Historical Trends in White Political Behavior Along Educational Lines, and Where 2016 Fits In

Partisan Survey Responsiveness and Trump Approval in Consecutive Polls

Past findings regarding differential partisan nonresponse–driven by positive or negative news surrounding each major party–has largely come in the context of election seasons. Recently, I’ve checked whether this phenomenon extends to other salient public opinion trends, such as presidential approval, outside a campaign season. While lacking optimal (raw panel) data, I did find evidence that would tentatively confirm the main thrust of this past work–that variation in public opinion depends on the partisan makeup in the same poll (indicative of varying partisan responsiveness to surveys).

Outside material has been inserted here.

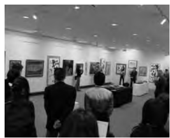
昨年のギャラリートークの様子

会期 2月19日(日)～26日(日) 会場 函館市芸術ホール ギャラリー 時間 午前10時から午後7時 (最終日は午後5時まで) 表彰式 2月19日(日)午前10時 ギャラリートーク 2月19日(日)表彰式終了後 2月22日(水)午後6時15分 入場料 無料 問合せ ☎55-3521 (芸術ホール)

Examining this relationship among pollsters who do and do not account for partisan selection processes in their weighting methodology sheds particularly convincing light on this dynamic. This specific aspect (the split between type of pollster) could imply that while this relationship could also be affected by individual level party identification shifts and resulting changes in party compositions, at the very least some of it has to stem from differential partisan nonresponse trends.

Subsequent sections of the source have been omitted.